ところで、もうすぐGWだ。 私の周りの仲間たちは一斉に海の外へと旅立っていく。 旅行会社の友達によると今年は近年まれにみる大盛況だそうで、飛行機のチケットもなかなか抑えられないとか。 私は……というと、休みを12日間とる予定で仕事を詰めているのに、結局のところ海外へは行かない。 「またか!」とも呆れられたが、鹿児島へと帰ることにした。3 日以上休みがあると、せめて東京ぐらいは脱出したい、という気分になってしまう。鹿児島に帰って島にでも行こう。

 6月は毎年、恒例でもある海外へと行く。 今回はどこにしようか……。 スペインへ行くなら北をまわって、イタリアもくっつけよう。 キューバへ行くならメキシコシティでも数日過ごそう。ああブラジルも魅力的。 と、いろんなことを考える。 しかし具体的なスケジュールはまだ何も組んでいない。 まずはいま目の前にある仕事を片付けなくちゃ何も始まらない。

 先週末は前から予定していた1泊2日のキャンプへと行った。 場所は茅ヶ崎だ。 一旦休止したドタバタ仕事のこともキレイさっぱり忘れ、久しぶりにスローな休日ライフが送れた。 茅ヶ崎は、前から一度は住んでみたいと思っていた場所。 週末は海風にあたりながら散歩をして、泳ぎたくなったら30分でも海につかる。 1人でもフラリと海に行ける生活。のんびりと本を読んで、友達と会って……。

 そこに住む仲間たちとのんびりとした休日を過ごしていたら、暮らしの中でのONとOFFをキチンと分ける重要性をあらためて感じた。 旅行もいいけど引越しか? 頭の中でグルグルといろんな思いが駆け巡る。 まぁ、引越しというきっかけがなければONとOFFを分けられない、と思っているあたりが私の甘いところでもあり、またも現実逃避に陥っている証拠でもあるかもしれない。 しかし、真剣に考えてみよう〜! そう思う今日この頃。

 皆さんはいかがお過ごしですか?

 


No.221

4月5日 むく(マドリード)

 前回の「最近の私たち」がアップされた後で、マドリード在住の友人から電話をいただいた。 また、あの思わせぶりな終わり方は何だ、と感じられた方もおられたようなので、事の顛末をはっきりさせておこうと思う。

 我が家のご近所には子供が二人という家庭が多いようだ。 左隣は男の子が二人、右隣とその向こうは女の子と男の子。子供が一人だけという家庭は少ないようである。

 一人っ子というものは結構わがままに育つらしい。 周りが何でも言う事を聞いてやるからか、我慢することを経験しないからなのか。 我が家のマルティンも執着心が強く、わがままに育ったきらいがある。

 親しくなったご近所の人たちからは早く二人目を作れと言われていた。 が、特に欲しいと思っていたわけではなかった。 二十代で子供をもうけて、その子供が二十代で子供を持ったとすれば、お爺ちゃんと呼ばれてもおかしくない年齢なのである、自分は。 気持ちだけはまだまだ若い気でいるが。

 マルティンを見ているとやはり兄弟がいた方が良いだろうという結論に達した。 女房のバイラオーラ(フラメンコの踊り手)としての仕事が一区切りついた状態だったので二人目をもうけるには今しかないという時期だったのである。

 市販の検査薬で調べたところ陽性の反応が出た。 病院での検査を受けようと予約を取ったら二ヶ月先の日付を指定してきた。 近所に Seguridad Social(社会保険管轄)の比較的大きな病院があり、そこの対応には満足していたのだが、産婦人科に関してはあきれるほどの対応である。 そこで、民間の保険会社Sanitasに病院を紹介してもらって数日後の予約を取った。

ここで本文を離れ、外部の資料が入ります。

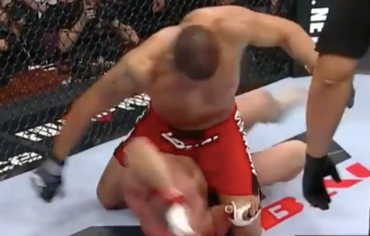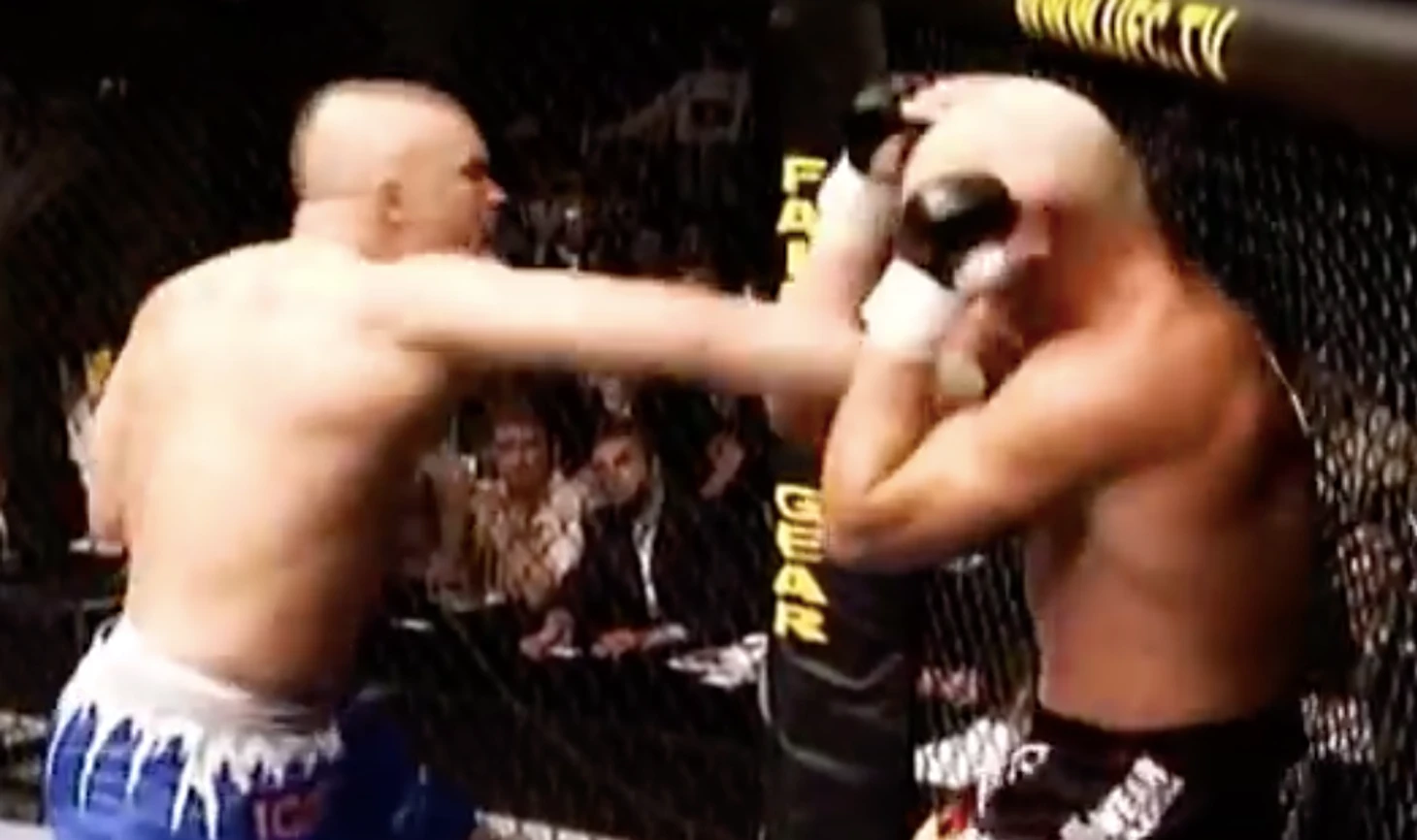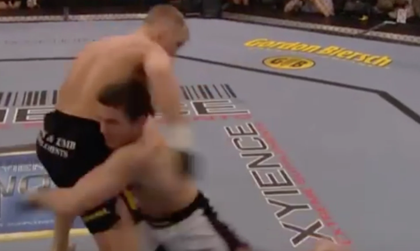 Митрион успевает немного сместиться и смягчить удар. Против Федора помоложе такое бы не прокатило. Оба бойца упали, но Мэтт поднялся быстрее и добил Емельяненко.

 もう二十年以上も歯医者以外の病院に行ったことがなかったので、結婚して初めて Sanitas の医療保険に加盟したのだ。 が、普段は大して役にも立たず、料金だけは高いので、そろそろやめようかと話していたところだったのである。 その Sanitas で紹介された病院に行ったその日にエコー検査を受検。 その後も毎月一回エコー検査を受けることになる。 その時だけは Sanitas をやめなくて良かったと実感したものである。

 診察室の外で待っていたのだが、呼ばれて中に入って画像を見せられた。 袋状のものが二つ見えた。 「双子です。10mmと11mmです。」最初は何を言っているのか理解できなかった。二人目が欲しいとは思っていたが、いきなり双子と言われてもね、実感がわくものではない。

 あれこれと心配しているうちに、二回目の検査の日が来た。 エコーをあてると40mmに成長しているのが見えた。が、片方の姿が見えない。 どうも消滅したようなのだ。 成長している方は頭や足らしきものが見え、感動ものであった。

 片方が消滅してしまうことは良くあることらしい。 ただし、片方の影に隠れてしまっているということもあり得ない事ではないらしい。 まぁ、残っている方が無事に成長してくれることを祈るばかりである。

今度生まれてくる子供が成人するまでと考えると、後20年は働き続けなければならない。 もう定年を迎えていることになるが、今から心配する必要もないだろう。しかし、まぁ、子供が成長するまではうかつに死ぬことも出来なくなったという次第である。